Identify the most correct explanation

Having analyzed all five statements, the most correct explanation for the fact that \(\mathrm{I}_{3}^{-}\) is known while \(\mathrm{F}_{3}^{-}\) is not is statement (b): Fluorine is too small to accommodate three nonbonding electron pairs and two bonding electron pairs. The smaller size of fluorine compared to iodine can cause repulsion between electron pairs, making the formation of \(\mathrm{F}_{3}^{-}\) less favorable.

Key concepts

Chemical Bonding

Chemical bonding is the process where atoms combine to form molecules. This fundamental action is what allows the formation of the diverse array of substances we see around us. There are several types of chemical bonds, including:

• Covalent Bonds: Atoms share electrons to fill their outer shells.
• Ionic Bonds: Electrons are transferred from one atom to another, creating oppositely charged ions that attract each other.
• Metallic Bonds: Electrons are shared across a lattice of metal atoms.

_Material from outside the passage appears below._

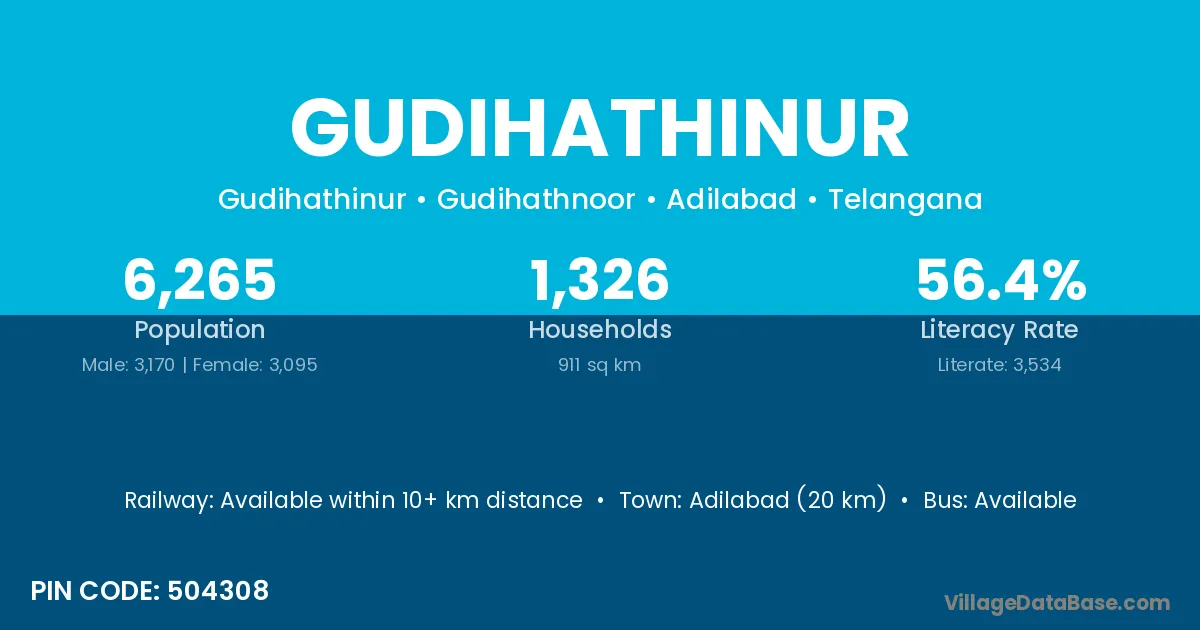Adilabad (20 km) is the nearest town to Gudihathinur village for major economic activities and is located approximately 20 km away.

When we look at why certain molecules form, like \( I_3^- \) compared to \( F_3^- \), we're seeing how the rules of chemical bonding play out in real world scenarios.
In the case of \( I_3^- \), iodine can stretch bonds and handle electron repulsion well due to its larger size. Fluorine, on the other hand, is much smaller. This small size makes it difficult to accommodate extra bonding, especially when multiple electrons and bonds are involved. The repulsion between bonding and non-bonding electrons in \( F_3^- \) would lead to instability, preventing this molecule from forming.

Electron Pair Repulsion

Electron pair repulsion is a core concept in understanding molecular geometry. It revolves around the idea that electron pairs around an atom will position themselves as far apart as possible to minimize repulsion. This principle is a cornerstone of the VSEPR (Valence Shell Electron Pair Repulsion) theory. Here's how it works:

• Lone Pairs: Non-bonding pairs that occupy space and create repulsion forces.
• Bonding Pairs: Shared pairs between atoms that also repel each other.

In much the same way, when analyzing molecular combinations like \( I_3^- \) and \( F_3^- \), you consider electron pair repulsion. For \( I_3^- \), the larger size of iodine allows the electron pairs to be arranged without strong repulsive forces pushing them apart excessively. In contrast, the compact structure of fluorine means there's insufficient space for electron pairs to reduce repulsion adequately. As a result, any attempt to form \( F_3^- \) would result in significant electron pair repulsion, making the molecule unstable and unfeasible.

Electronegativity

Electronegativity is the measure of an atom's ability to attract and hold onto electrons in a chemical bond. It's a crucial concept in predicting the behavior of atoms in molecules. Generally, the higher the electronegativity, the stronger an atom will pull electrons towards itself in a bond. Key aspects of this include:

• Periodic Trend: Electronegativity tends to increase across a period and decrease down a group in the periodic table.
• Comparison of Elements: Fluorine, being the most electronegative element, has the greatest ability to attract electrons, while iodine has a much lower electronegativity.

In the context of \( I_3^- \) and \( F_3^- \), electronegativity differences play a role in explaining why one exists and the other does not. Fluorine's high electronegativity means it is less inclined to form bonds that could lead to an overall charge imbalance, like in \( F_3^- \). This is because it wants to retain its electrons rather than share or extend its electron cloud excessively. Meanwhile, iodine's lower electronegativity and larger size mean it's more willing and able to accommodate extra electrons, forming stable anions like \( I_3^- \).